Now we will go to the ones that came through online. Sherry Ramlan from Risk Insights asked the question. Risk Insights has read Grindrod in ESG for a number of years. My question is on your carbon emissions. Typically, Scope 3 emissions account for over 70% of total emissions. Currently, your Scope 3 emissions account for approximately 20% of total. What steps have been put in place to measure Scope 3 more accurately?

Xolani Mbambo

executive
#28

Thank you. We have, with the support of the board last year, refreshed our ESG strategy overall and in particular, around environmental as well. Out of that, we've formed an ESG committee, which will be sponsored directed by myself. Part of that, we intend to set out, in a scientific way, the baseline as well as the measures that we will put in place to ensure that over time, we reduce our impact on environment. As you would have seen the slide on commodities, we've got coal. In the past, my answer to such questions was a simple one, where we said the portfolio of coal relative to the -- coal element relative to our portfolio of commodities that we handle, was minimal and EBITDA level was around 5%. This year, it has grown to over 20%, if I'm not mistaken. So there's some work to be done if that continues. Of course, the message that I put out forward was a very clear one that if we grow the 5 commodities that are friendly on an environmental side of things, other than mining, of course, that should then have a dilutive effect and should have a positive knock-on on the -- on our targets to contribute positively on environment.

Fathima Ally

executive
#29

Xolani, asked the question, how does the Port and Terminals picture look in comparison to pre-COVID? I do have the steps. I'm comfortable to respond. I mean you can build on it. I think from a volume perspective, in 2019, our Grindrod drybulk terminals achieved volumes of 11 million tonnes compared to the 16 million tonnes that we talked to in the slide deck earlier, which shows that we have uplifted on volume delivery by up to 45%. From a port perspective in 2019, they delivered 21 million tonnes compared to the 27 million tonnes in 2022. Again, that talks to a 29% uplift. Of course, that is on the back of improved infrastructure as well. The last question so far coming through online is from Bruce Williamson. Bruce asks, you never mentioned any work or opportunities with India. Since India will likely surpass China in terms of contribution to global growth. Is Grindrod involved in Indian opportunities?

Xolani Mbambo

executive
#30

Thank you for that question. We -- in our strategy, we are very clear where we participate in terms of the geographic footprint. We are in SADC, and we're moving up into the East Africa, including the DRC. That's where we operate. Of course, if you look at our IR, you'll see that we are spread out internationally. That's because of our ships agency, which requires presence in various ports for them to be able to provide a ships agency service offering to shipping lines that call multiple ports.

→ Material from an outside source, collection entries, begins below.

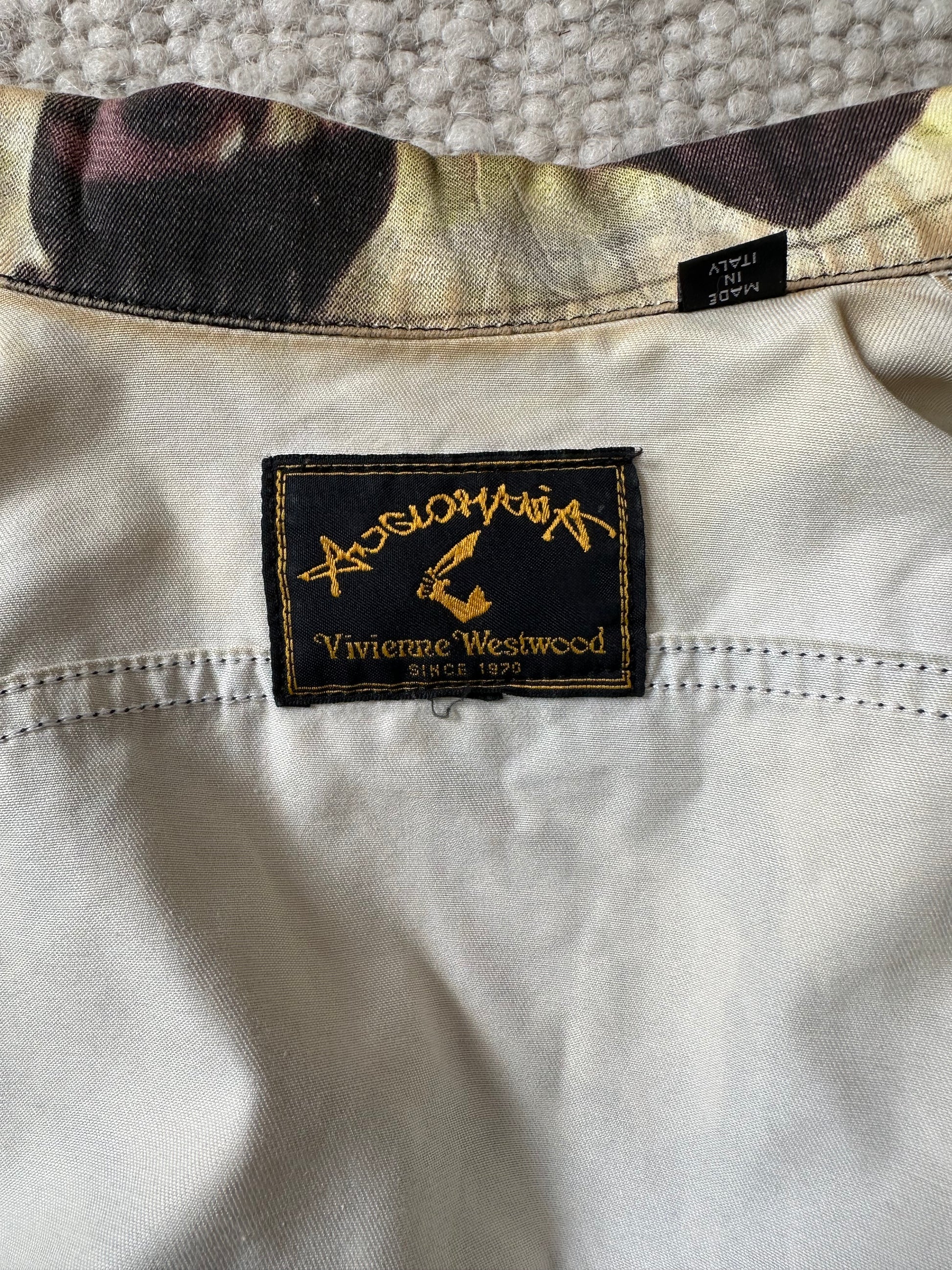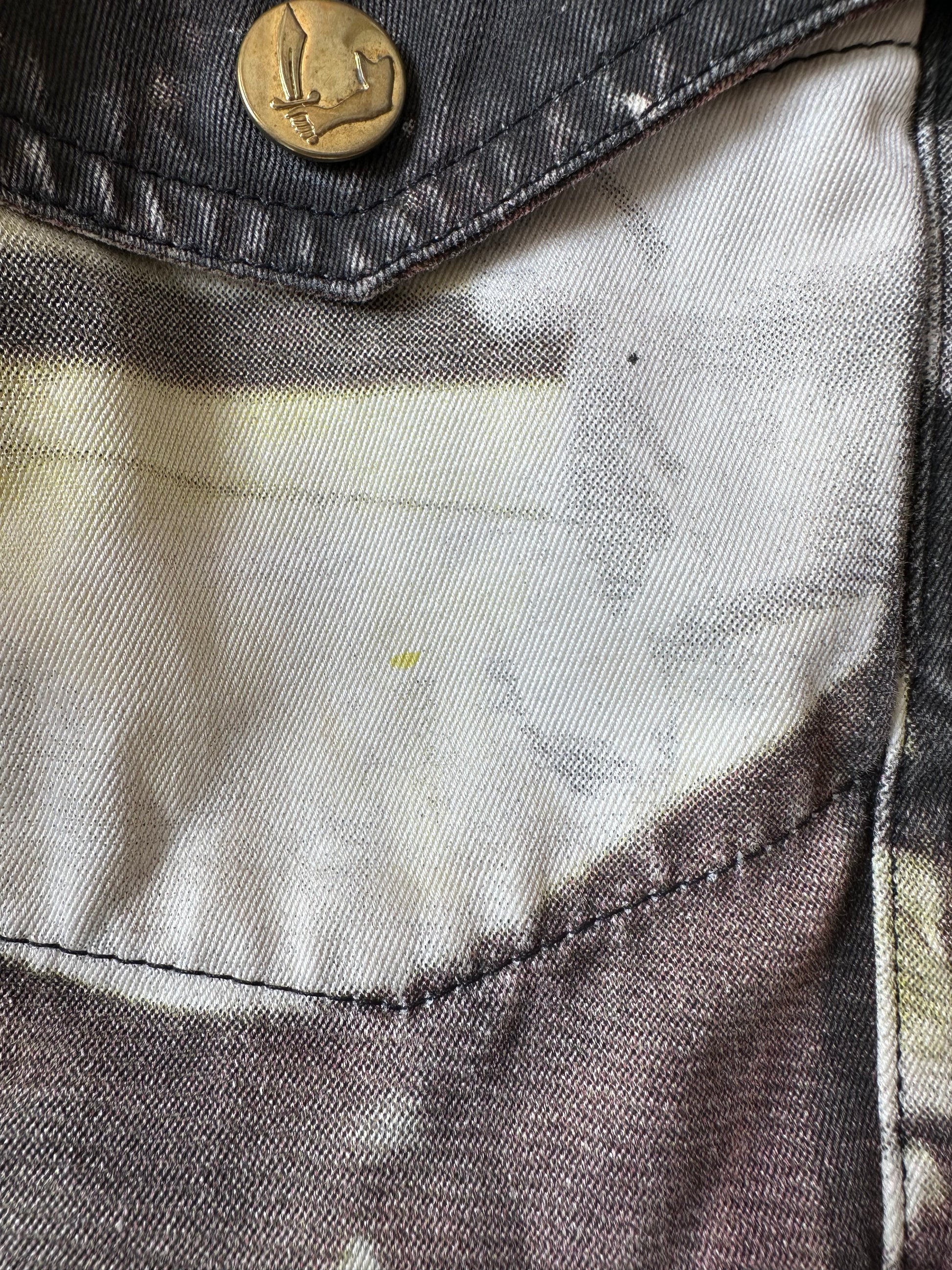 A fabulous Vivienne Westwood Anglomania S/S 1998 jacket. The jacket features a print of a photograph used in the advertising campaign. It is in good condition but there is some interior staining and a very small mark on one of the breast pockets. Otherwise there are no flaws. Pictured here on a size 40 IT, 5 7" and the size label has been removed so please refer to the measurements below for more detail.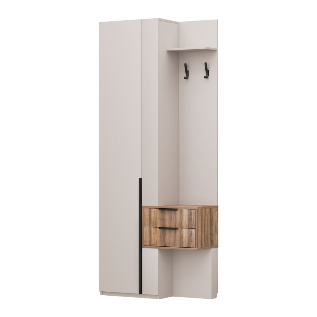 Особенности Рамочные фасады с раскладкой из профиля МДФ Металлические ручки Регулируемые опоры Выдвижная штанга для одежды Материалы ЛДСП 16 мм Кромка ПВХ 0,45 мм Дно ящика ХДФО 3 мм Профиль МДФ Зеркало 4 мм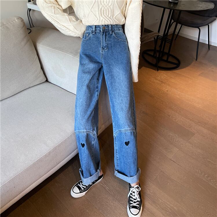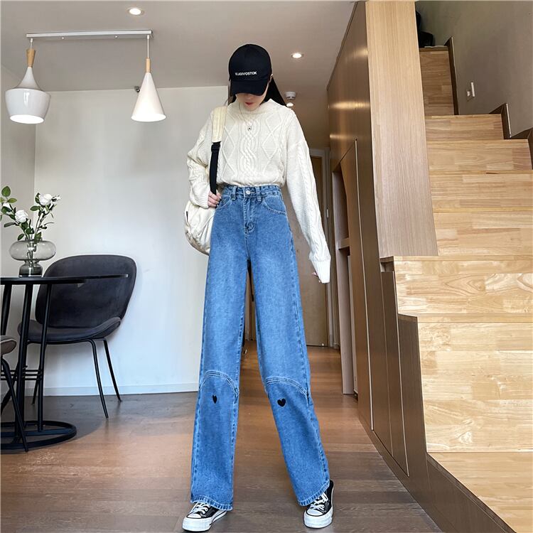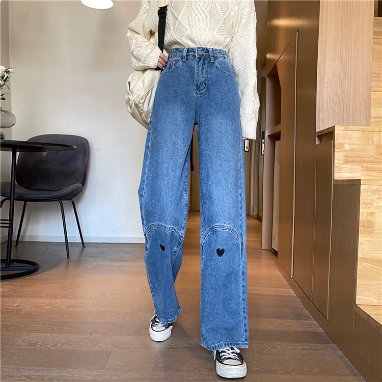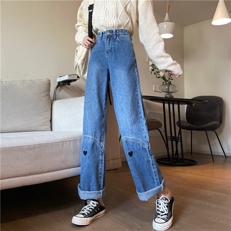 パンツ 刺繍ハイウェストウェストスタンダードスタイルルーズジーンズ レトロ 1号婦人57801169012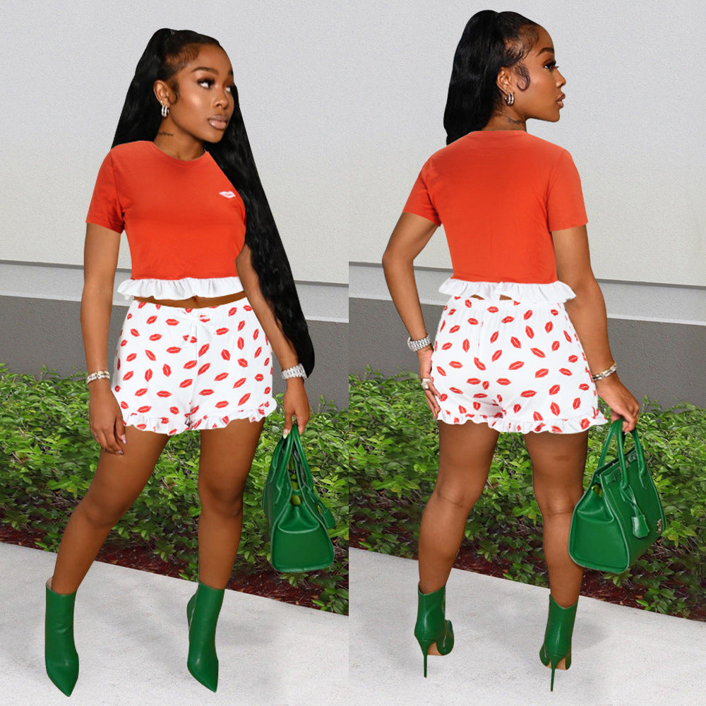 Women Clothing Summer Lace Color Matching Short-Sleeved T-shirt Women Lip Printings Slim Two-Piece Set Romper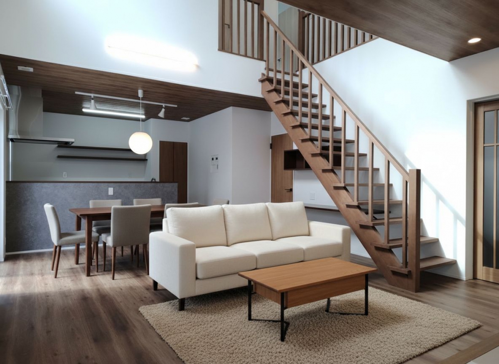 開放感のある吹き抜けリビングは、誰もが一度は憧れる空間。でも、断熱性が低いと「冬は寒い」という不安もつきものです。「ママらくの家」は、高い気密・断熱性能で空気を逃がさず、家族が集まるリビングを一年中あたたかく包み込みます。
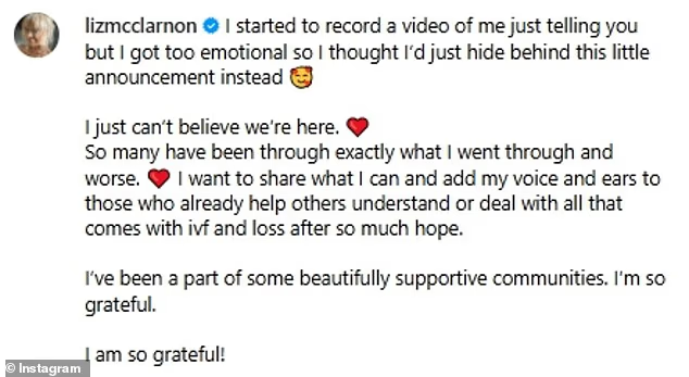 She explained in her Instagram post that she initially tried to record a video announcement but became too emotional, so she chose to share a simple post instead. Liz reflected on the struggles she and many others face with IVF and pregnancy loss, expressing gratitude for the supportive communities she’s been part of and vowing to use her voice to help others navigate similar experiences.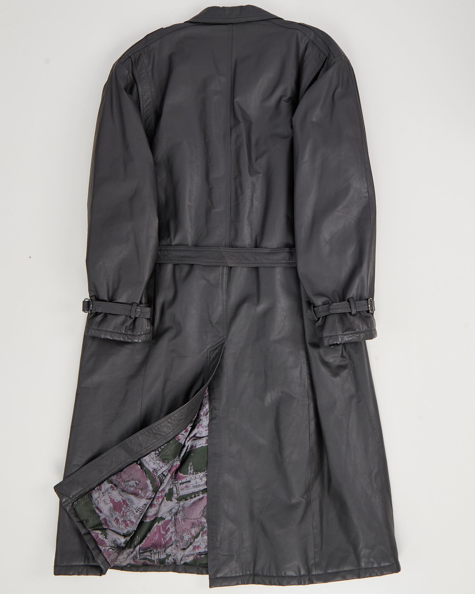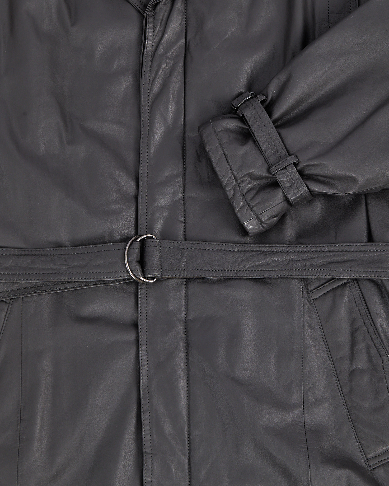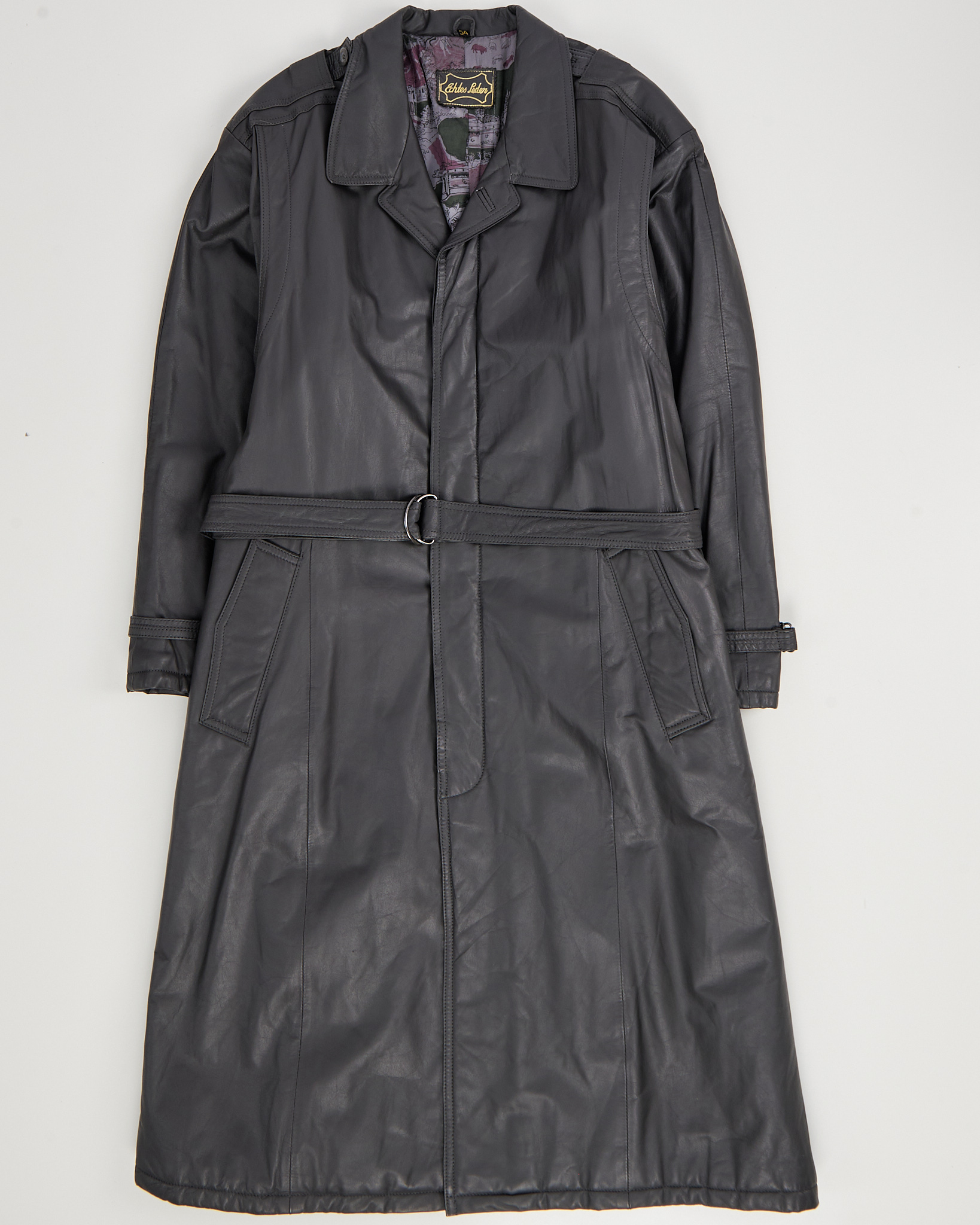 Кожаный плащ от Rene Styled by Renaldo прямого, удлиненного кроя. Классический отложной воротник, потайная застежка на пуговицы, пояс с металлической пряжкой, два накладных кармана по бокам, на рукавах ремни для утяжки манжет.
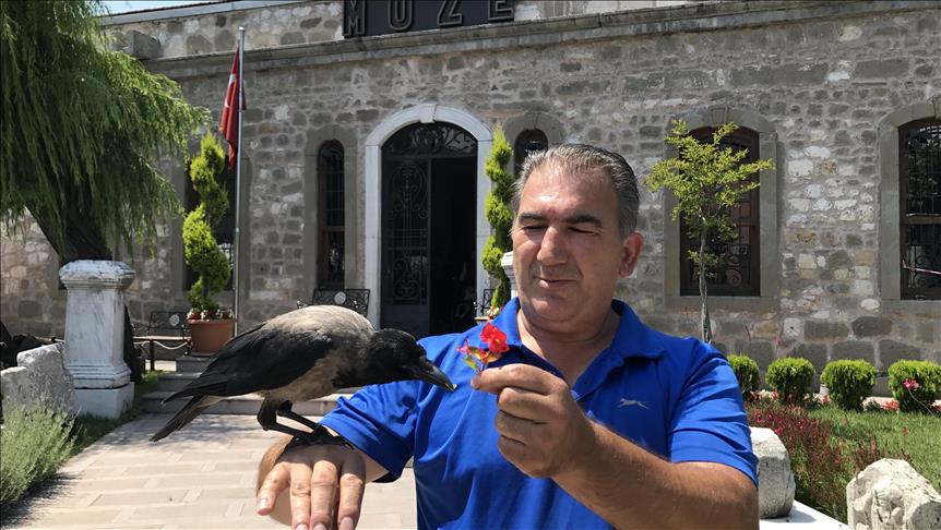 Amasra Müzesi'nin yanındaki iş yerinde beslediği karganın ilginç bir olaya da imza attığını aktaran Genç, müzede tarihi eserlerin temizliği yapıldığı sırada karga Cafer'in bir domuz dişi fosilini kaçırdığını söyledi.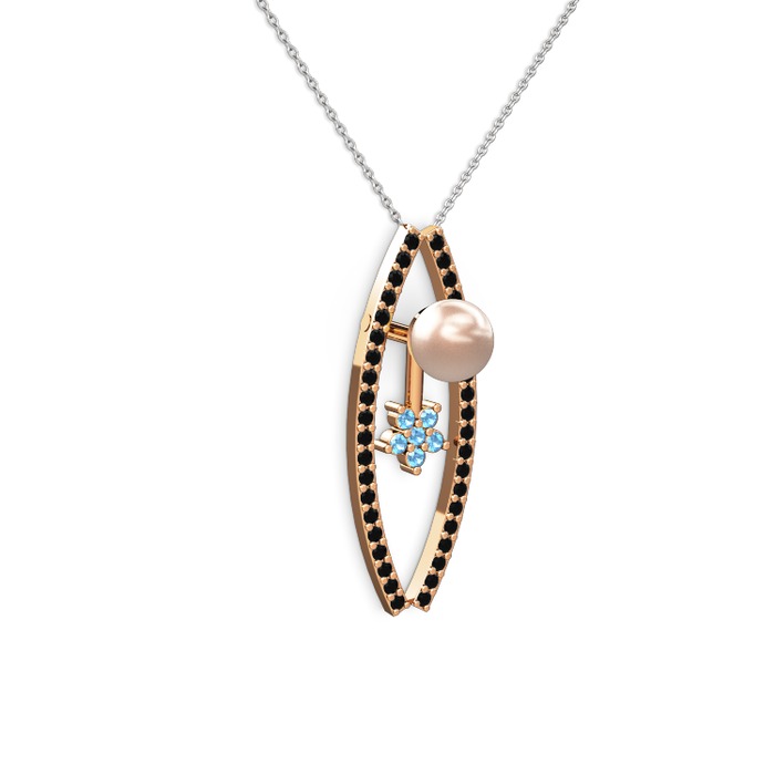 Pembe inci, siyah zirkon ve akuamarin 18 ayar rose altın kolye (40 cm beyaz altın rolo zincir)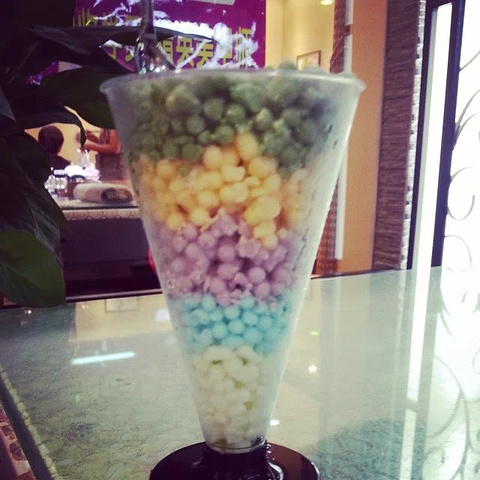 晚上在赛格逛街时在负一楼的美食街无意中看到分子冰淇淋♥♥♥ 超级可爱的冰淇淋 选择了29元5个色的大杯!抹茶青柠芒果朗姆酒黑加仑 好吃到爆!吃货们不要错过呀!两个人吃的杯子都要舔干净了-.-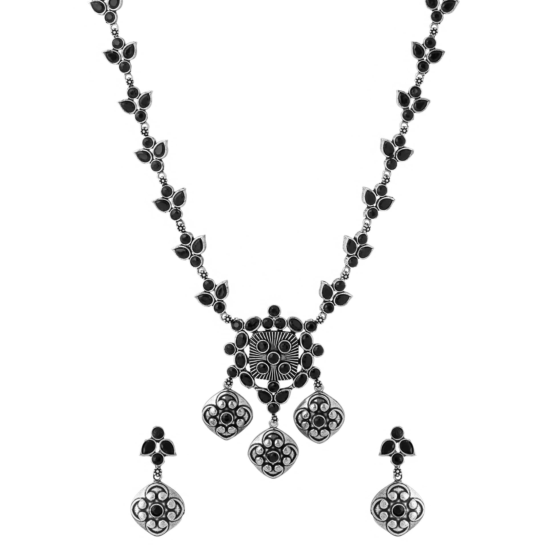 Necklace for Women and Girls Silver Oxidised Necklace for Women | Stone Studded Oxidised Silver Necklace for women | Birthday Gift for girls and women Anniversary Gift for Wife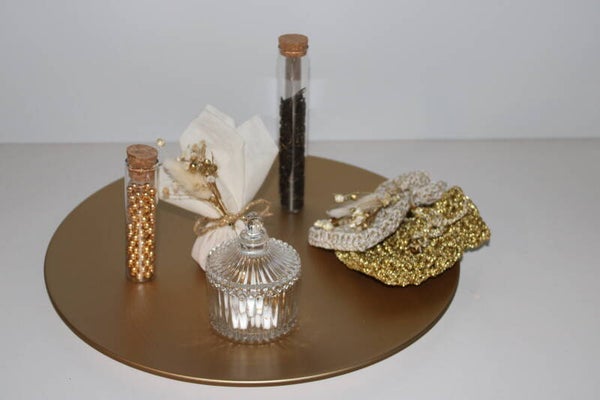 Presentatietip: Presenteer de items op een van onze gouden of witte schalen (te vinden bij presentatiestukken). Werk het geheel af met een flowerhoop of enkele vaasjes met droogbloemen in goud en wit voor een feestelijke uitstraling.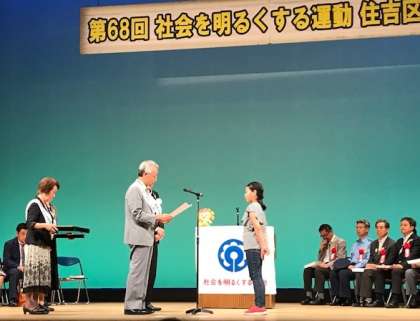 7月11日(水)住吉区民センター大ホールで,表彰を受けました。授賞式では,「それはだめ 私は言うよ 友だから」と,受賞された標語を大ホール舞台で大きな声で読み上げました。その後,住吉地区保護司会会長の岡本惣治さん,住吉区長の朝川晋さんから表彰を受けました。

India's importance to us is as an offtaker. And as I speak to you today, I've got my commercial team out in India, on a [ con call ] energy conference to understand the trends coming through. So from that perspective, similar to China, they remain very important to us as offtakers of what we move. We look in India as an operator of the ports. I think the answer is fairly remote at this stage. Thank you.

Fathima Ally

executive
#31

There are no more questions online. I'm not sure if there are any more questions from the floor.

Xolani Mbambo

executive
#32

Any other questions? Guess that wraps up our session. Thank you for coming here today, and we appreciate it.